Prospect of Chinese books outside China: “I think it’s very promising. You can’t divorce China and the growing international relationship with China. China is much more a part of the global community. While in the past, the majority of the books were foreigner’s writing about China. Now you’re seeing more and more internationally people are very interested in hearing what Chinese people are interested, what Chinese people are saying, what Chinese people are enjoying. That’s definitely more and more interesting to western readers.”

Penguin’s publishing plans for Chinese books: “We’re publishing classics, by very important writers like Lu Xun or Laoshe. And we publish those as modern classics, which is something we really like to build up. China has some wonderful old writers that western readers are not familiar enough with. And then we’re also publishing contemporary fiction mainly. We look for some non-fiction as well. So we publish crime fiction. We recently published in the UK a novel called Decoded by the novelist Mai Jia. It’s done very very well in the UK. It’s been very well received. The next book we have coming up is the English language version of Mo Yan’s novel Frog. This is the first new book by him since he won the Nobel Prize. We’ll publish Mo Yan at the end of the year and we plan to use the buzz and noise in the publicity from Mo Yan to then promote Bi Feiyu. We will publish his novel Massage and then Wang Anyi, her novel, Scent of Heaven. So we have these three novels coming up over the next six months one by one. And then really we’re just turning our attention to the future. We start commissioning some more books. We look for some more great stories that we think we can find readership for. ”

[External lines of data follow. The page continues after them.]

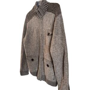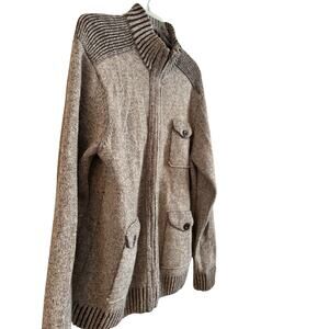 BLUE PRONTO UOMO 100% Wool Sweater Mens XL full zip Sweater Cardigan Brown
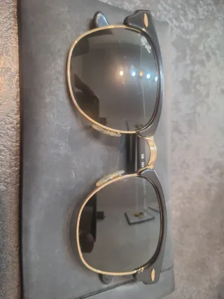 Occhiali da sole Ray-Ban modello Clubmaster. - Montatura in acetato nero e dettagli in metallo dorato. - Lenti scure per una protezione ottimale.
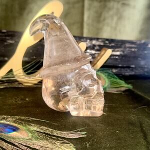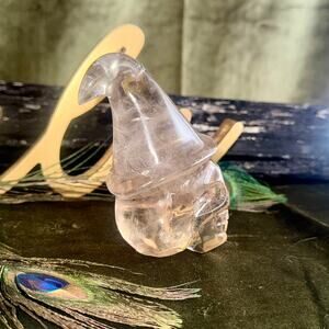 Bring a touch of magic to your space with this premier Brazilian citrine wizard skull carving. Weighing 413 grams and measuring approximately 3″ long by 4″ tall, this A-grade citrine masterpiece is crowned with a meticulously carved wizard’s hat. The front is polished to a flawless mirror finish, enhancing its rich honey-gold hues, while the raw natural base preserves the crystal’s authentic character. Celebrated for its abundance-attracting and mind-clarifying properties, citrine channels joyful, uplifting energy—ideal for meditation, crystal grids, and Feng Shui arrangements. Ethically mined in Minas Gerais’s premier quartz belts, each piece is selected for exceptional clarity and carving precision. Ships securely packaged for safe delivery. Add this enchanting wizard skull to your collection and let its playful elegance and transformative vibration elevate your décor and spiritual practice.
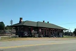 The Beebe Railroad Station is a historic railroad station building located on Center Street in Beebe, Arkansas. It is a single-story brick building, with a broad hip roof with overhanging eaves supported by large brackets. It was built in 1910 by the Missouri-Pacific Railroad, and is one of the best-preserved of this type of station in the state. It is also a reminder of the importance of the railroad in Beebe's original development, which was entirely dependent on the railroad.[2]
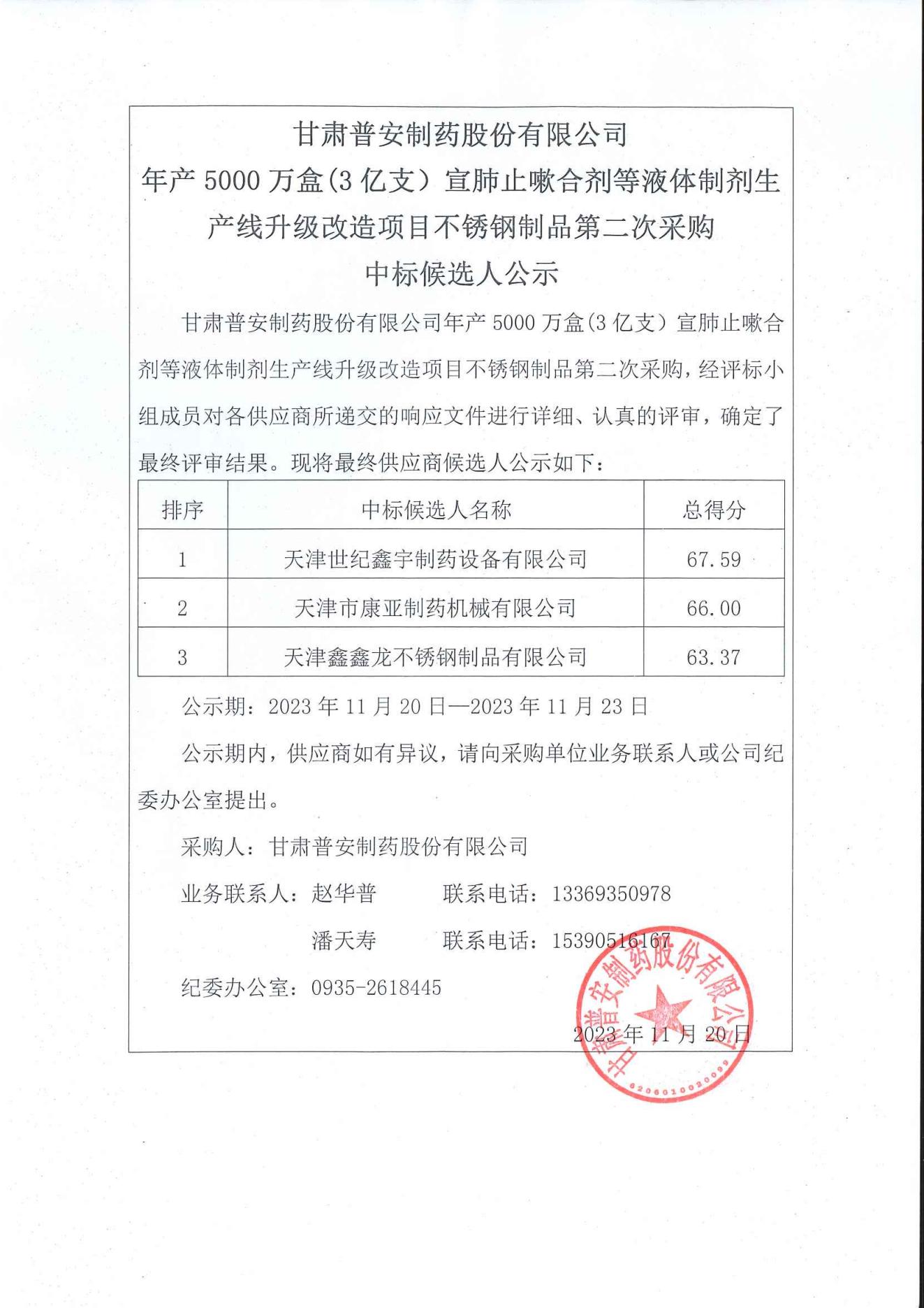 甘肅普安制藥股份有限公司年產(chǎn)5000萬盒(3 億支)宣肺止嗽合劑等液體制劑生產(chǎn)線升級改造項(xiàng)目不銹鋼制品第二次采購中標(biāo)候選人公示
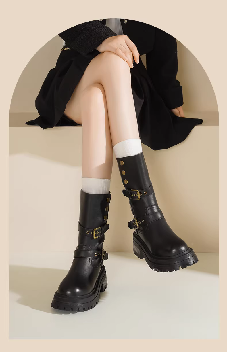 - Giày bốt Martin đế dày Daphne dành cho nữ 2025 Giày bốt lót lông mùa đông mới Giày bốt hiệp sĩ Giày bốt ngắn màu nâu Melard dành cho nữ
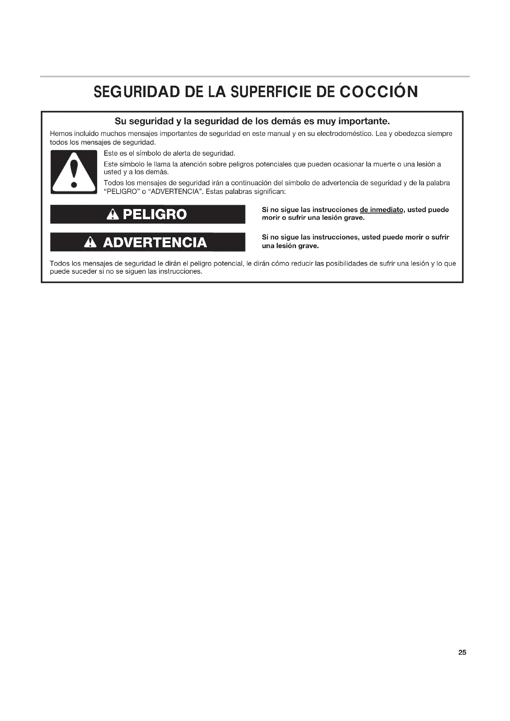 En Estados Unidos .....................................................................35 En Canadá ..................................................................................35 Accesorios ..................................................................................3525 SEGURIDAD DE LA SUPERFICIE DE COCCIÓN Si no sigue las instrucciones de inmediato, usted puede morir o sufrir una lesión grave. Si no sigue las instrucciones, usted puede morir o sufrir una lesión grave. Todos los mensajes de seguridad le dirán el peligro potencial, le dirán cómo reducir las posibilidades de sufrir una lesión y lo que puede suceder si no se siguen las instrucciones. Su seguridad y la seguridad de los demás es muy importante. Hemos incluido muchos mensajes importantes de seguridad en este manual y en su electrodoméstico. Lea y obedezca siempre todos los mensajes de seguridad. ADVERTENCIA PELIGRO Este es el símbolo de alerta de seguridad. Este símbolo le llama la atención sobre peligros potenciales que pueden ocasionar la muerte o una lesión a usted y a los demás. Todos los mensajes de seguridad irán a continuación del símbolo de advertencia de seguridad y de la palabra “PELIGRO” o “ADVERTENCIA”. Estas palabras significan:26
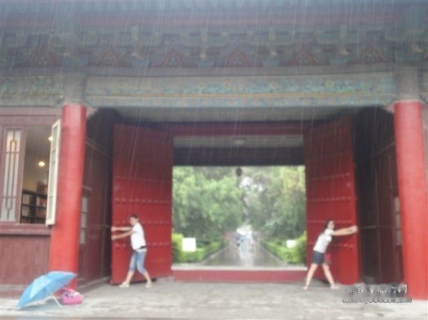 第二天,天阴沉沉的,我们空手出门,坐车到小寨,走一站路,到陕西省历史博物馆门口取票,大概9点了吧,队伍灰常长,我们聊聊天什么的,聊着聊着就下雨了- -前面善良的阿姨让偶躲在她伞下,师兄和fly就在棚子里等着队伍慢慢移动,大概10点,那身份证领票,人手一张,检票入内。开始的时候还这边蹭个导游那边蹭个导游的,后来发现我们跟不上导游的速度,就在后面慢慢看。陕博里的那些小小讲解员都很有意思,讲得(可能是背的)激情澎湃,好可爱O(∩_∩)O哈哈~花了两个小时左瞧瞧右瞅瞅,虽然也不是很看得懂,但那种厚重的历史感让我这个在只有几十年历史的小渔村长大的娃颇感压力。下楼来,外面下了好大的雨,在等待N久无果,又一番心理挣扎,雨貌似有点小之后,就冲出去了。西安的路上到处有伞卖,这个也很有意思,不管是路边流动摊点还是小店铺都有卖,一律10元一把,质量不保证。于是我们买了伞,去吃了岐山面,买了药o(╯□╰)o因为晚上吹空调,每个人喉咙都痛,尤其是我这个话多的0 .0最后演变成了感冒,小感冒而已,毫无压力。

Relationship with Chinese writers: “I think it’s fair to say that Chinese writers don’t have a very big party thing. If you go to the UK or in the US, you’ll meet a lot of writers at parties. In China, it’s more I think one by one, slowly. But I have very good friendship with Chinese writers. There’s very interesting community of writers here who’re very thoughtful. We sat and we talk and they tell me about what they’re working on and what they’re researching. So I have some very good friends among the Chinese writers here certainly.”

Most successful Chinese fiction overseas: “I think to this point, Wolf Totem probably is still the greatest success. A couple of weeks ago, I went to a party held by a Chinese publisher, Changjiang Art Literature and they were celebrating 10 years since the book was originally published in Chinese. We were chatting at the event there’s no single book in this ten years that has done anything close to the success of Wolf Totem. It’s a very unusual book and it’s a book which is a cross-category success. By that I mean very different people read it. It has a very wide appeal.”